Personal information
- Nationality: Germany
- Born: 16 February 1970 (age 56) Tegernsee, West Germany

Sport
- Sport: Skiing
- Club: SC Monte Kaolino Hirschau

World Cup career
- Seasons: 11 – (1992–2002)
- Indiv. starts: 51
- Indiv. podiums: 1
- Indiv. wins: 2
- Team starts: 11
- Team podiums: 2
- Team wins: 4
- Overall titles: 0 – (34th in 1999)
- Discipline titles: 0

Medal record
Men's cross-country skiing
Representing Germany
Olympic Games
| Silver medal – second place | 2002 Salt Lake City | Individual sprint |
Junior World Championships
| Bronze medal – third place | 1990 Les Saisies | 4 × 10 km relay |

= Peter Schlickenrieder =

German cross-country skier (born 1970)

Peter Schlickenrieder (born 16 February 1970 in Tegernsee) is a German cross-country skier who competed from 1992 to 2002. He earned a silver in the individual sprint at the 2002 Winter Olympics in Salt Lake City.
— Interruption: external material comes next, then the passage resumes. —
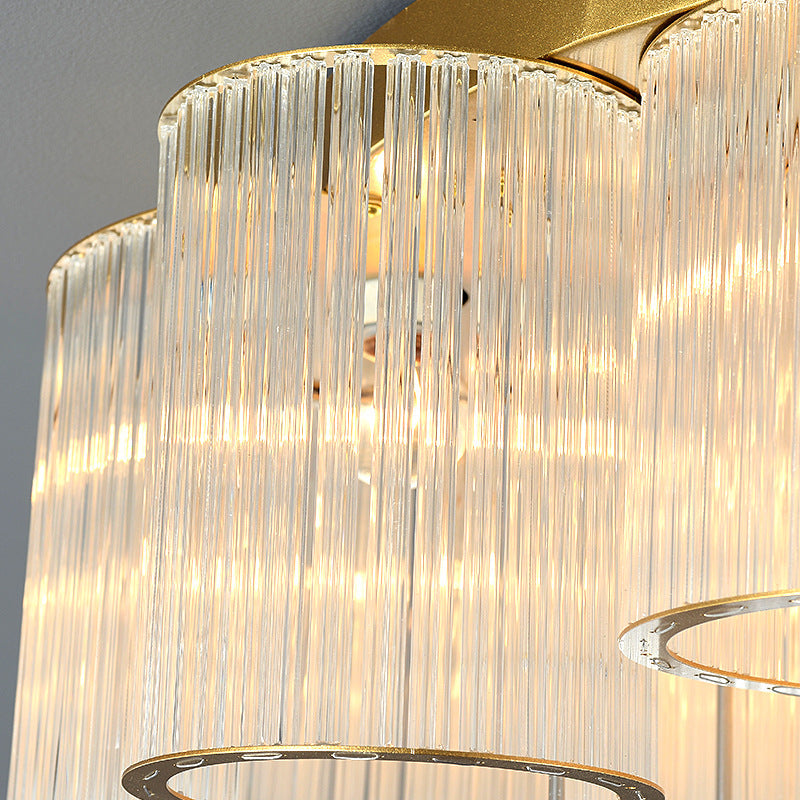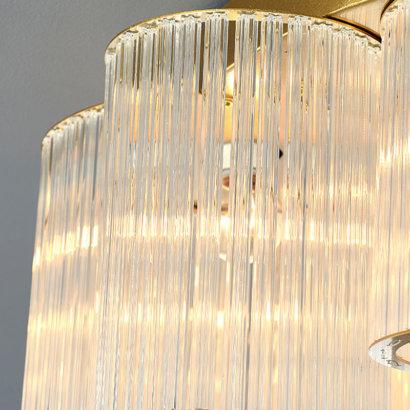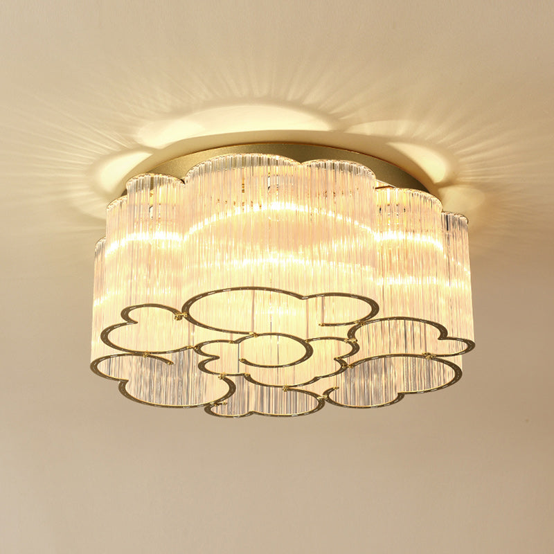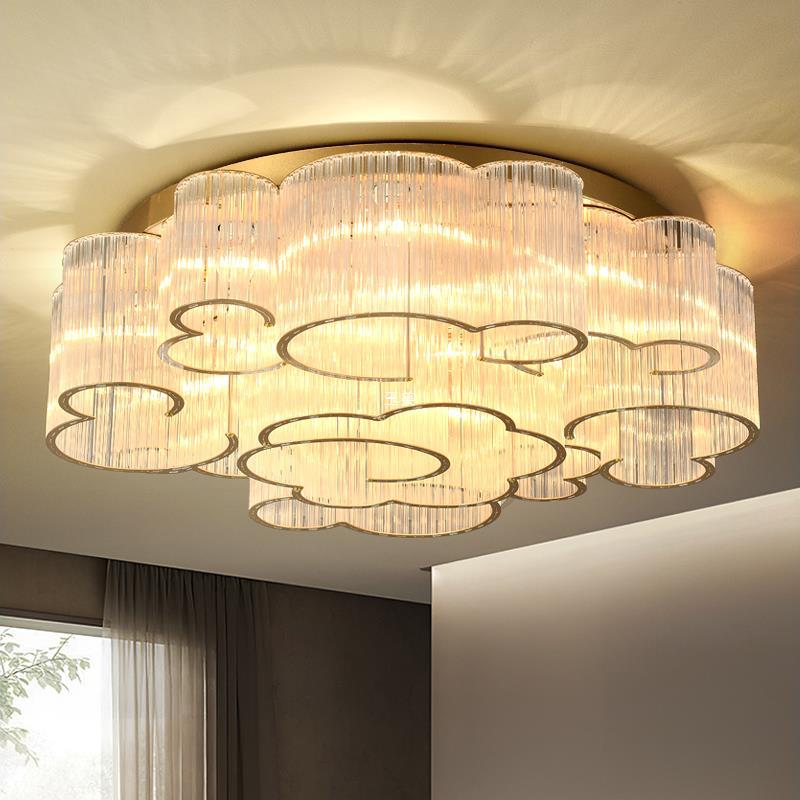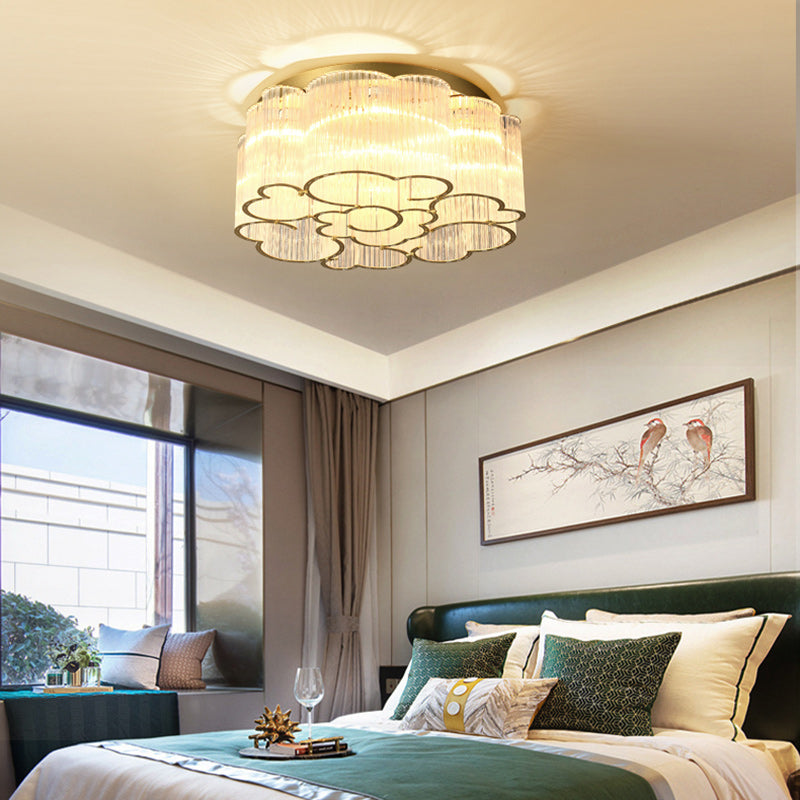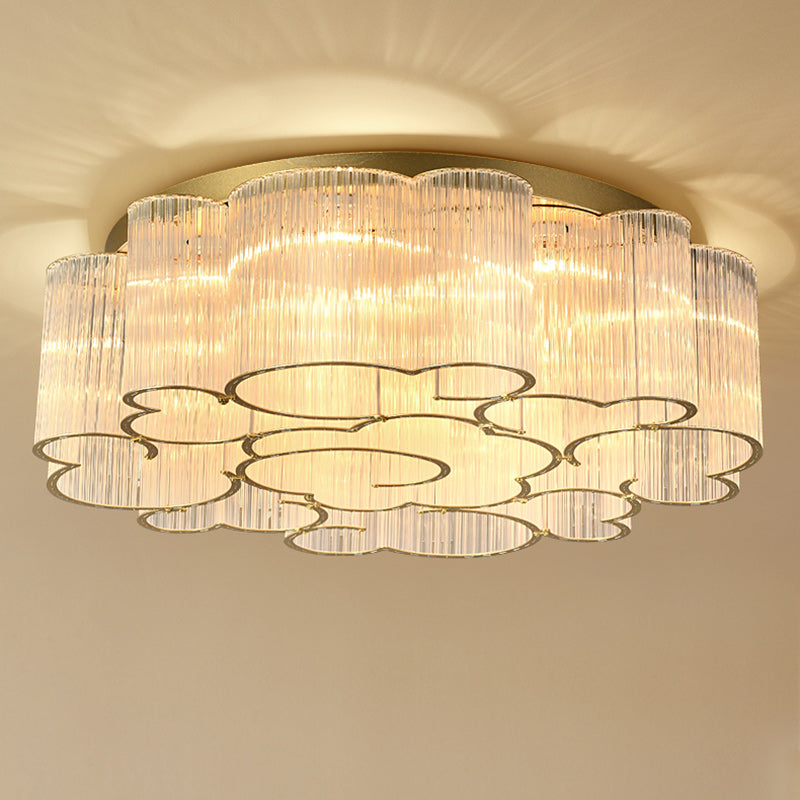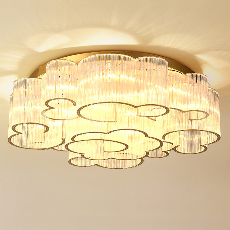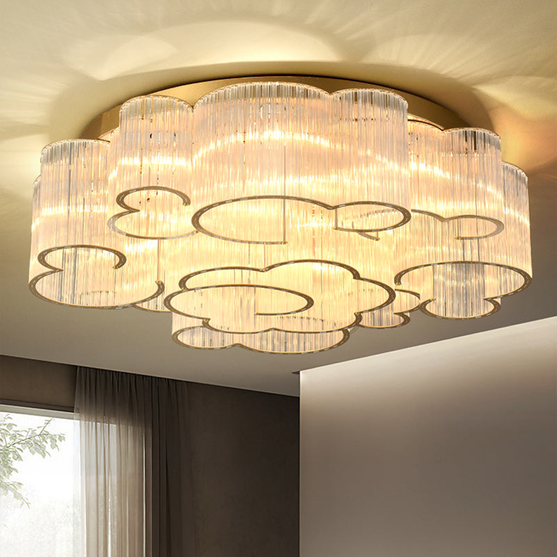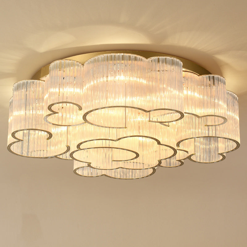 Traditional Chinese Cloud Round Carbon Steel Glass 7/11/15 Light Semi-Flush Mount Ceiling Light For Living Room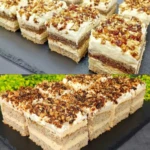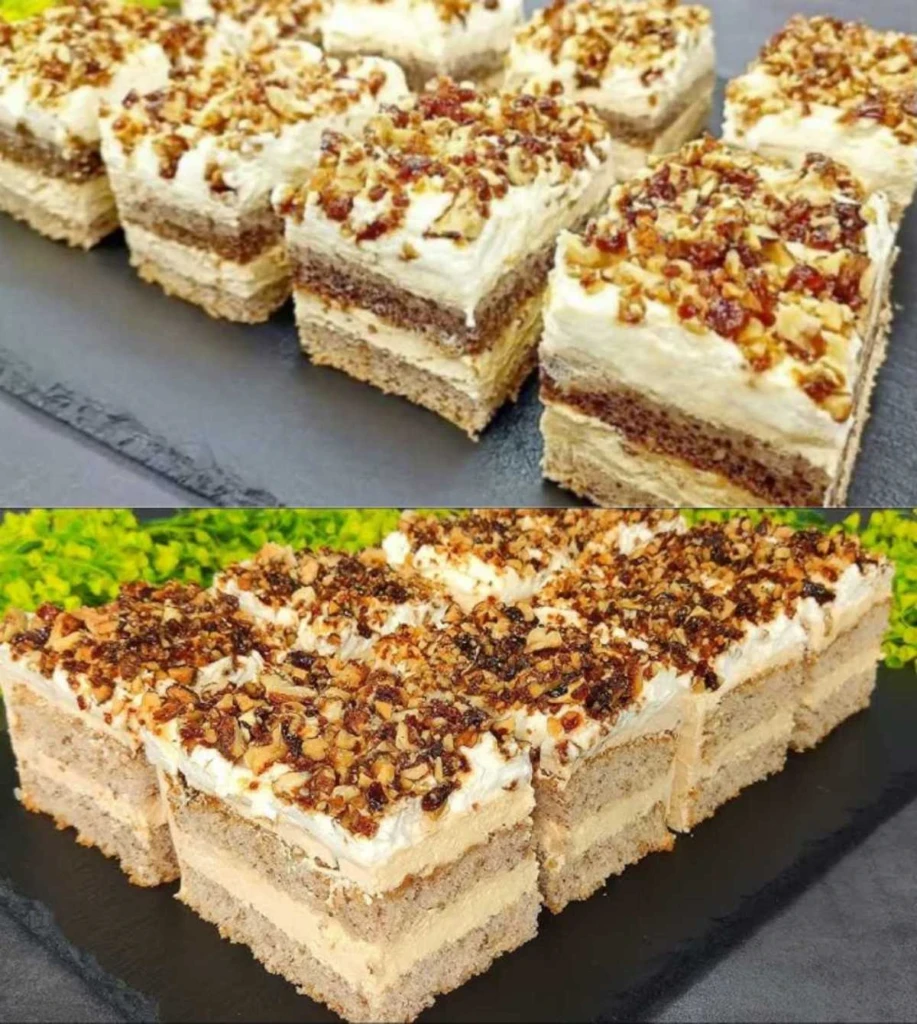 Creamy slices with caramelized nuts are a sweet work of art that combines delicacy, richness of flavors and textures. They are perfect for the festive table, but also delight on a Sunday afternoon with the family. Prepare them in advance, chill and serve with grace – success guaranteed!

Schlickenrieder's best finish at the FIS Nordic World Ski Championships was a sixth in the individual sprint event in 2001. He also won seven times in FIS races and World Cup events between 1994 and 2002.

In April 2018, Schlickenrieder was appointed as head coach of the German National cross-country team. His appointment will last over the 2022 Winter Olympics.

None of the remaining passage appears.